The linear model we would like to fit in this example is:

\[ E(Y|\mathbf{X}) = \alpha + \beta_1 x_1 + \beta_2 x_2\]

Hence, the residuals for this model can be calculated as:

\[R = y - \alpha - \beta_1 x_1 - \beta_2 x_2\]

Since we know that these residuals follow a normal distribution with mean 0, we just need to find the standard deviation for the normal distribution of the residuals and the values for our coefficients, that fits best our data. To do this, we would like to minimise the sum of errors. This is done by the `optim()` command. However, since the `optim()` command always maximises functions, we just need to put a minus before our summation.

Before, we run the `optim()` command we also need to find good guesses for our estimates, since the initial parameter values which are chosen for the optimisation influences our estimates. In this case we just calculate the conditional means for our subgroups and use them as guess for our coefficients.

```
est_alpha <- mean(icu$sys)
est_beta1 <- mean(icu$sys[icu$age >= 40 & icu$age <= 41]) - mean(icu$sys[icu$age >= 41 & icu$age <= 52])
est_beta2 <- mean(icu$sys[icu$gender == "Male"]) - mean(icu$sys[icu$gender == "Female"])
est_sigma <- sd(icu$sys)
```

Now we can use the `optim()` function to search for our maximum likelihood estimates (mles) for the different coefficients.

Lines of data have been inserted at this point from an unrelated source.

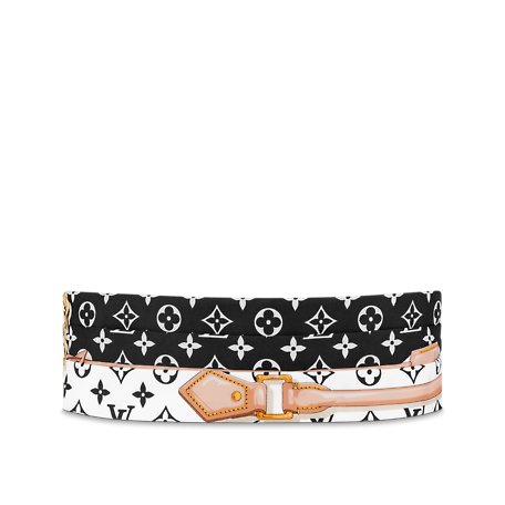 This LV Silk 30mm belt blurs the boundaries between the House’s Leather Goods and Textiles Collections. It is inspired by the much-loved Monogram Confidential square and showcases an intricate Monogram print interwoven with chains, straps and padlocks. The belt’s combination of silk and natural cowhide lends it textural appeal, while the gleaming LV buckle ensures an elegant finish.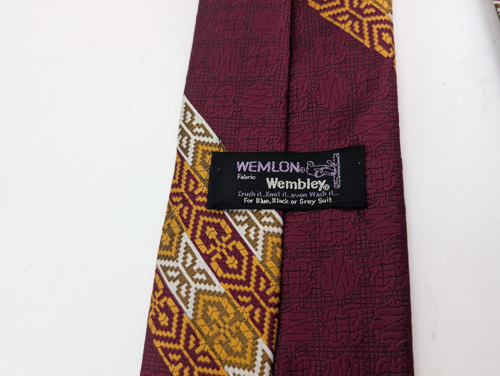 как выглядит Wemlon by Wembley Vintage Mid Century Mens Neck Tie Maroon Gold фото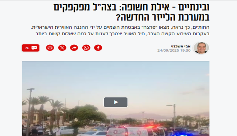 وختمت “معاريف” بالقول: إنَّ “هذه الثغرات تضع علامات استفهام كبيرة على قدرة سلاح الجو في تأمين مدينة سياحية تُعد من أهم واجهات (إسرائيل) أمام العالم”.

For the `optim()` function, we need the function we like to optimise, in this case `ll_lm()`, our guesses for the estimates and the empirical data we want to use for the optimisation.

```
mle_par <- optim(fn = ll_lm, #Function to be optimised
par = c(alpha = est_alpha, #Initial values
beta1 = est_beta1,
beta2 = est_beta2,
sigma = est_sigma),
y = icu$sys, #Empirical data from the data set icu
x1 = icu$age,
x2 = as.numeric(icu$gender))
mle_par$par #Showing estimates for unknown parameters
```

```
## alpha beta1 beta2 sigma
## 123.99854056 0.06173058 3.37040256 32.77094809
```

If we now compare our estimates with the results of the `lm()` command for the same model, we can see slight differences in the estimates, which may be due to different optimisation algorithms or due to our initial guesses for the parameters.

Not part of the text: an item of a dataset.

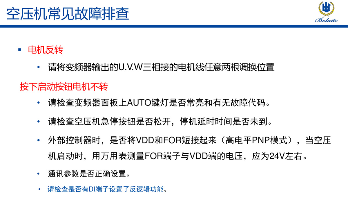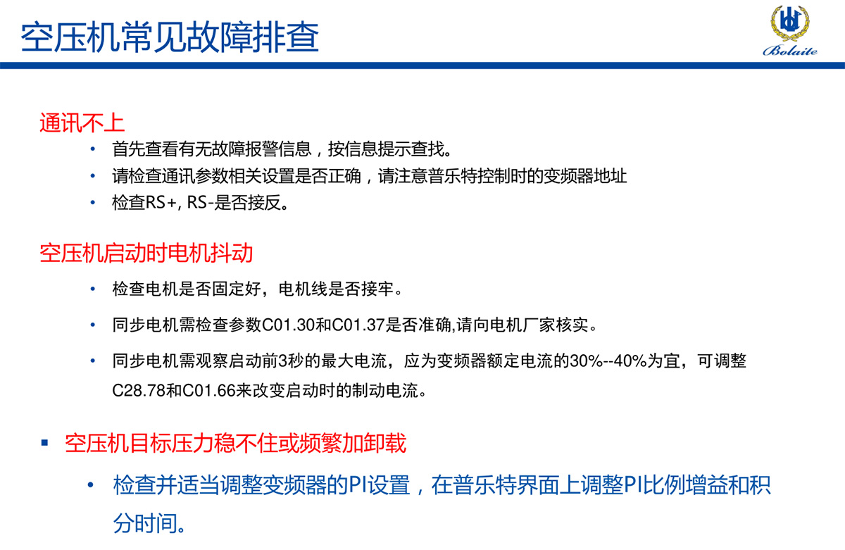 -> 空壓機安裝注意事項及常見故障處理

`summary(lm(sys ~ age + as.numeric(gender), data = icu))`

```
##
## Call:
## lm(formula = sys ~ age + as.numeric(gender), data = icu)
##
## Residuals:
## Min 1Q Median 3Q Max
## -98.544 -20.510 -1.445 18.884 122.272
##
## Coefficients:
## Estimate Std. Error t value Pr(>|t|)
## (Intercept) 124.39209 9.32708 13.337 <2e-16 ***
## age 0.06276 0.11738 0.535 0.593
## as.numeric(gender) 3.09867 4.83773 0.641 0.523
## ---
## Signif. codes: 0 '***' 0.001 '**' 0.01 '*' 0.05 '.' 0.1 ' ' 1
##
## Residual standard error: 33.05 on 197 degrees of freedom
## Multiple R-squared: 0.003889, Adjusted R-squared: -0.006224
## F-statistic: 0.3845 on 2 and 197 DF, p-value: 0.6813
```

This approach for a manual optimisation of a linear regression model can also be adopted for other linear regression model with more coefficients. In this case the formula for the residuals needs to be adjusted to the structure of the model that you like to fit.